For government employees, the General Provident Fund (GPF) is a smart way to save. Until the employee leaves the company, they can contribute a percentage of their pay on a regular basis. The employer transfers the whole accrued money in the GPF account to the employee upon retirement. To understand more about the general provident fund, read on.
What Is A General Provident Fund?
All government employees in India have access to a GPF account, which is a sort of PPF account. Additionally, government employees can pay a portion of their salaries to the General Provident Fund through this account. As a result, the employee receives the whole sum accrued over his or her employment period when he or she retires.
GPF interest rates are adjusted on a regular basis in accordance with government requirements. However, GPF's current interest rate is 7.1 percent (as of last updated on 30th April 2021).
Unless there is a case of suspension, an individual subscriber must contribute money to the General Provident Fund after they have applied. Furthermore, according to government regulations, three months before retirement, payments to the GPF account can be stopped.
Features Of General Provident Fund
Following are some of the features of general provident fund -
The GPF plan is administered by the Ministry of Personnel, Public Grievances, and Pensions' Department of Pension and Pensioner Welfare.
According to the Pensioners official webpage, government employees must begin contributing a percentage of their salaries to the GPF account in order to become members.
Unless the subscription is suspended, contributions to the GPF account must be made on a monthly basis. Subscriptions will also be halted three months prior to the date of retirement or superannuation.
When a subscriber retires, the final sum is paid immediately. Furthermore, no application form is required to receive the final payment from the General Provident Fund.
The subscriber must name a family member when they join the fund. As a result, in the case of the subscriber's death, the nominee is entitled to the fund's collected funds.
In the event of the respective individual’s death, the nominee is entitled to an extra payment under the GPF guidelines. As a result, the extra amount is equal to the average balance in the GPF account for the three years before the respective individual’s death. However, this is subject to a set of circumstances.
The sum due as a result of this rule should not exceed Rs. 60,000. Furthermore, the nominee is only eligible for this benefit if the subscriber has been employed for at least 5 years at the time of death.
Tax benefits on interest earned, donations, and returns are available to GPF investors under Section 80C of the Income Tax Act of 1961.
Eligibility Criteria For General Provident Fund
Following are the eligibility requirements for an individual under general provident fund -
- Individuals who are Indian residents and are government employees as well.

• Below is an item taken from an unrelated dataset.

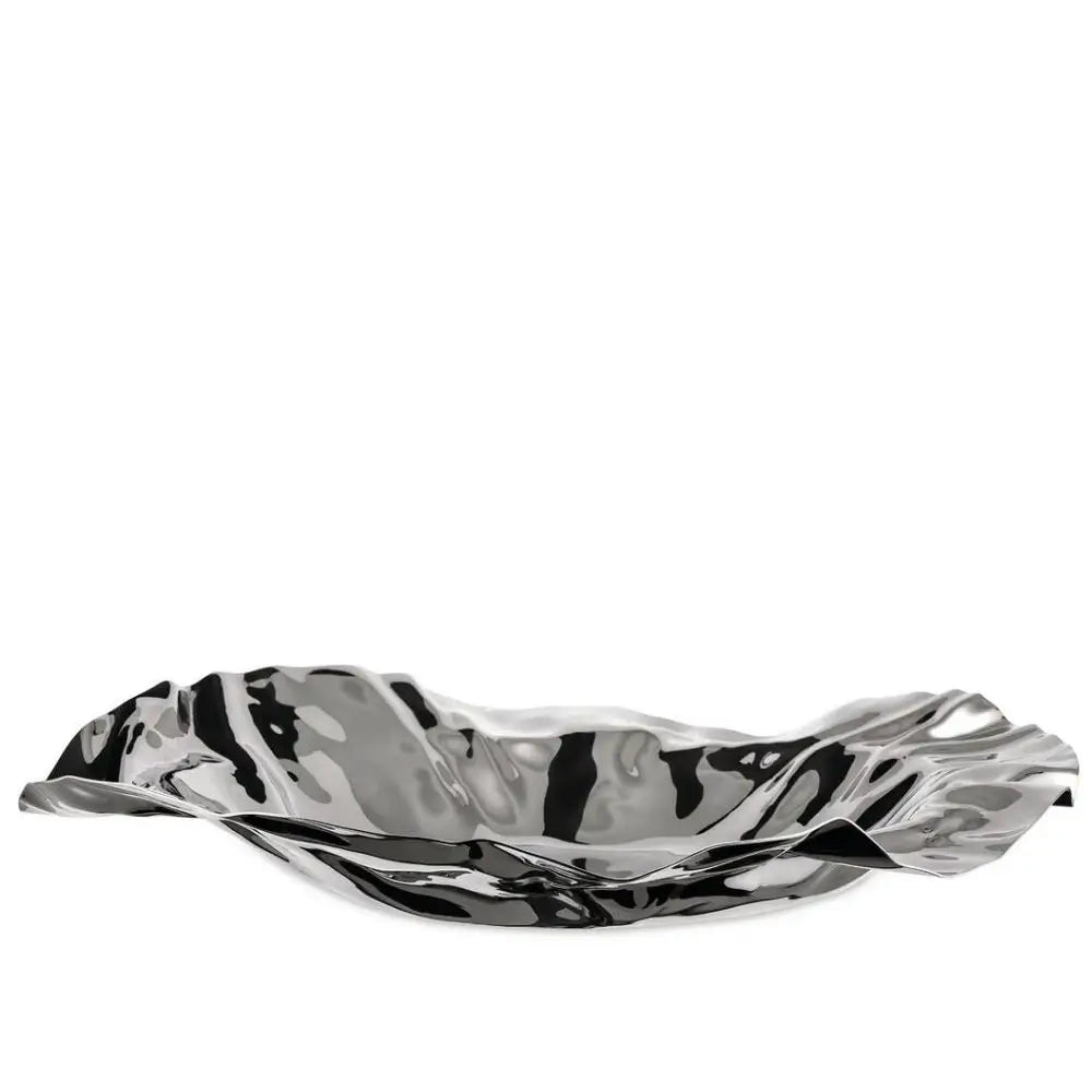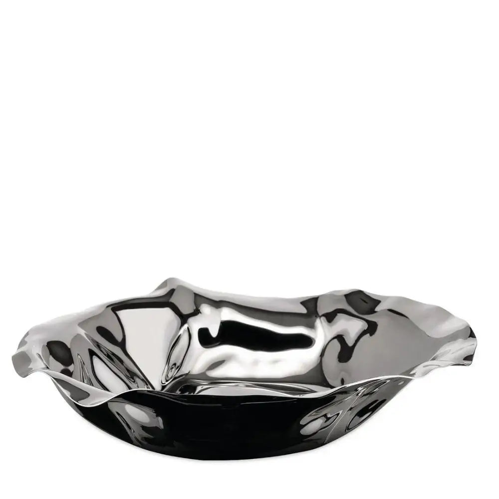 Alessi 9008 Sarrià/Port 不鏽鋼籃子 絕非普通。憑藉其皺摺、自然的形狀,這件作品打破了嚴格的形式感,為您的餐桌帶來大膽的藝術風格。設計用於食品用途且完全可用洗碗機清洗,它無縫結合了雕塑與功能,是盛放麵包、水果或裝飾展示的理想選擇。
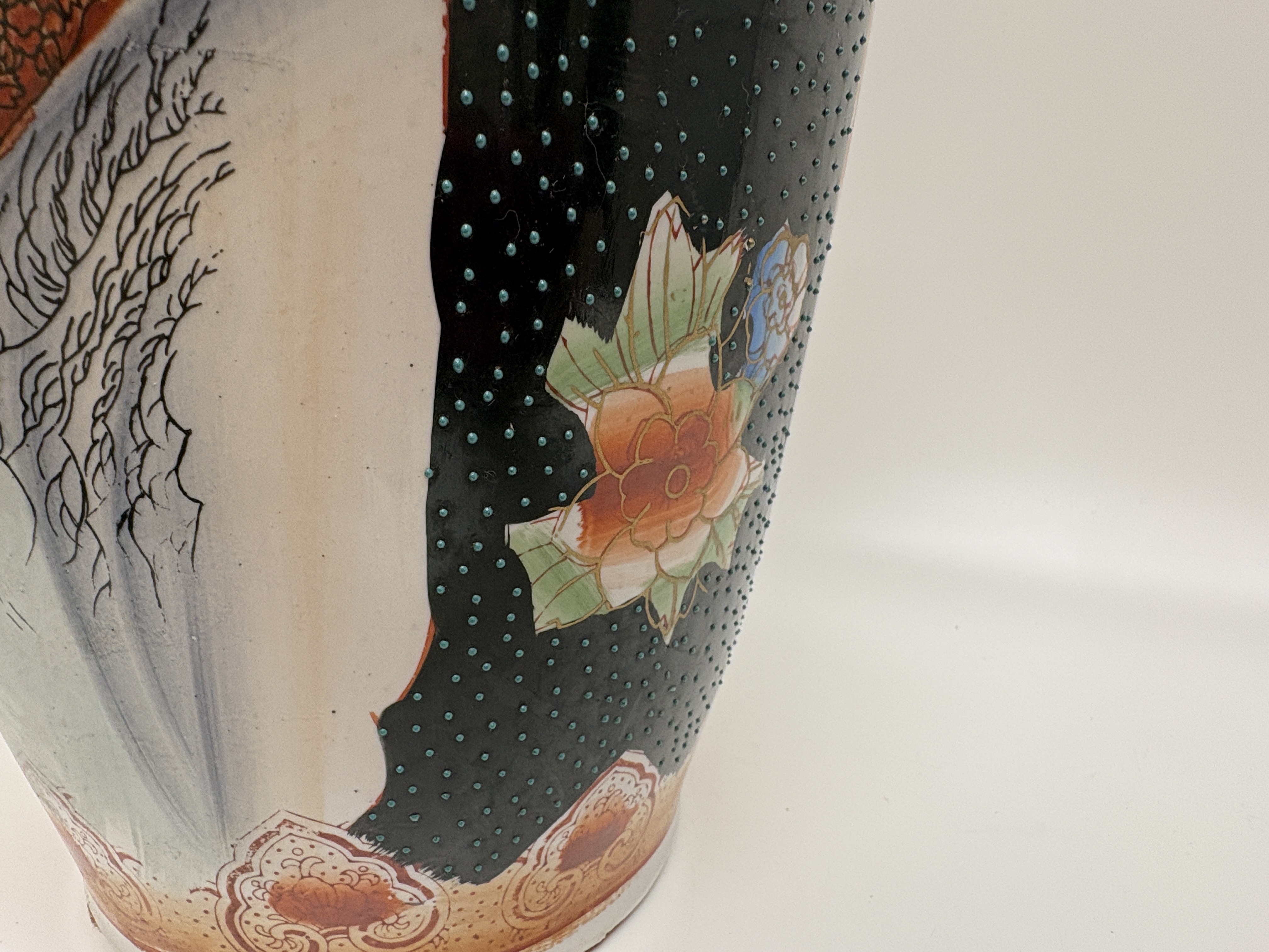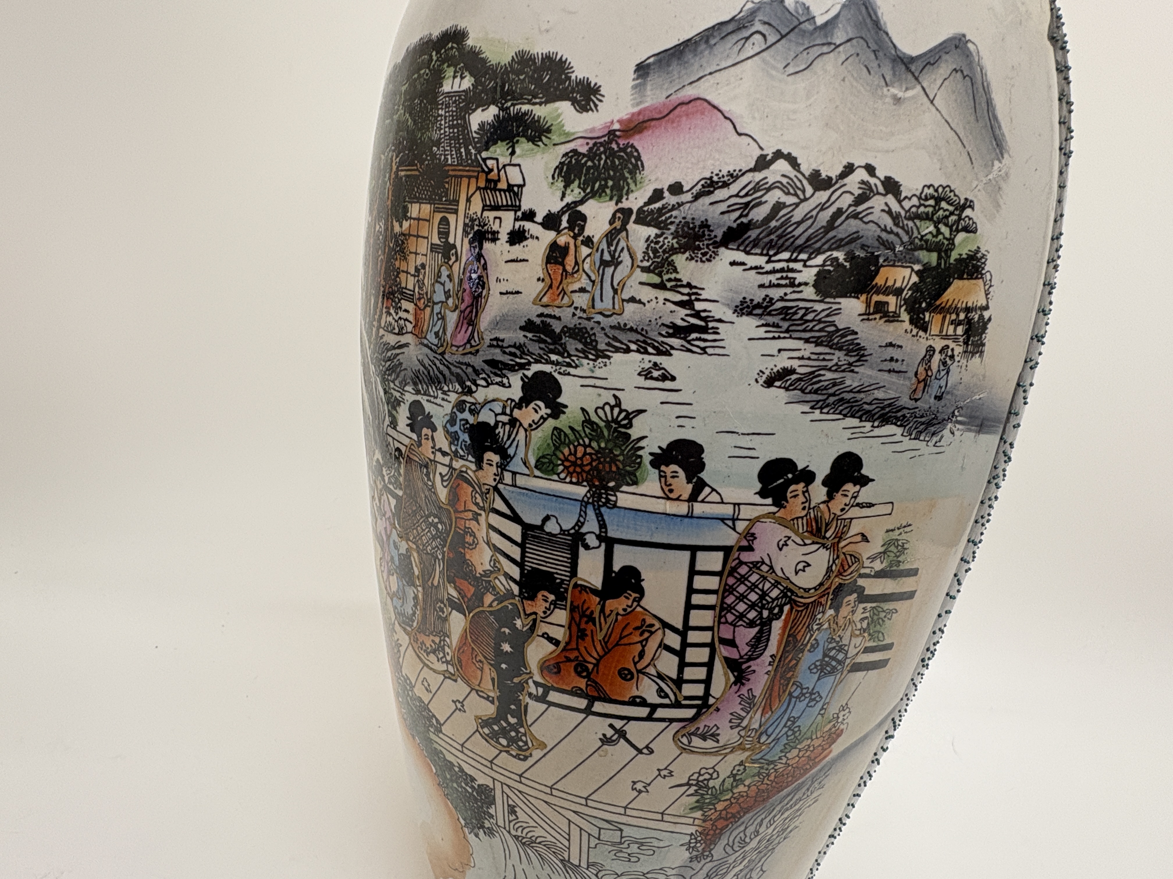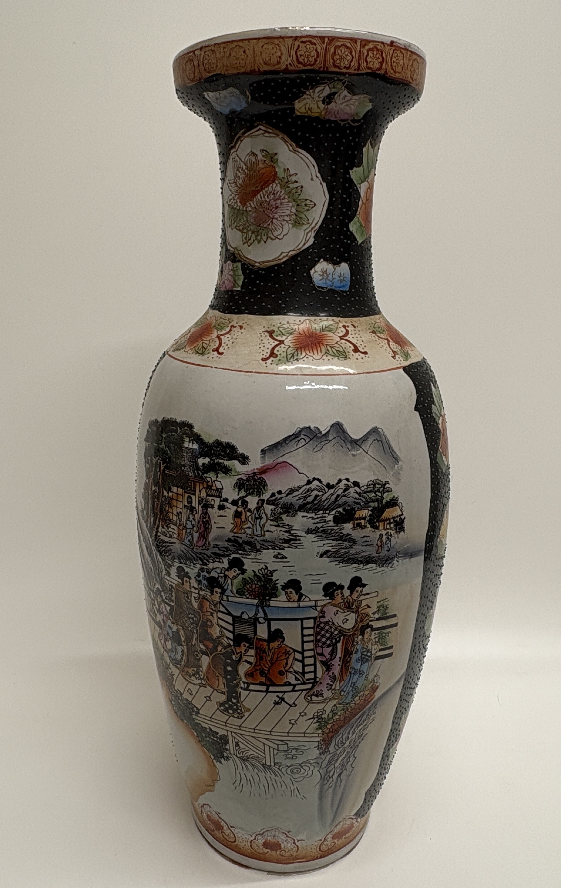 Lot 275: Satsuma-style Earthenware Vase with Moriage Enamels and Figural Landscape, Early 20th Century

- Individuals must be government employees and must belong to a specified pay class in order to participate in the General Provident Fund.
- Individuals who are employees in the private sector are not eligible for the GPF.

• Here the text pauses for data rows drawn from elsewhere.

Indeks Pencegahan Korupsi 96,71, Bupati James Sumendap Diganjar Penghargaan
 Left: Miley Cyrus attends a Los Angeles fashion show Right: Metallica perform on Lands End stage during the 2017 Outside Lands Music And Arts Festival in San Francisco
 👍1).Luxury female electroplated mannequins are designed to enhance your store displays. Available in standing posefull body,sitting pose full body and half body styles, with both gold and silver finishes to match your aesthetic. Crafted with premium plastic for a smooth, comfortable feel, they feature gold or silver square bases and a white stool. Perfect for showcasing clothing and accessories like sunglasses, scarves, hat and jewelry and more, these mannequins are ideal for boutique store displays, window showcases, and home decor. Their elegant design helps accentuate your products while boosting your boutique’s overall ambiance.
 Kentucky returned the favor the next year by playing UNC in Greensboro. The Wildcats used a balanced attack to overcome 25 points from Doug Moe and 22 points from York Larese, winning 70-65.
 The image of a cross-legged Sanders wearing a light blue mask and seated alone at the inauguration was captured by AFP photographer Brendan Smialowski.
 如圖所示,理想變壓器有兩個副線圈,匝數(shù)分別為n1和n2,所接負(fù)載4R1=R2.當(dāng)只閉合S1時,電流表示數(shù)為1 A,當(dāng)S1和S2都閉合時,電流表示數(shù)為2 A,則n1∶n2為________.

- Individuals interested in becoming a member of the GPF, a government employee must donate a specified proportion of their income.
So, if an individual works for the government and wants to open a GPD Account, it's a terrific way to save for future financial objectives like a child's education, marriage, home, or even a medical emergency.
Disclaimer: This article is issued in the general public interest and meant for general information purposes only. Readers are advised not to rely on the contents of the article as conclusive in nature and should research further or consult an expert in this regard.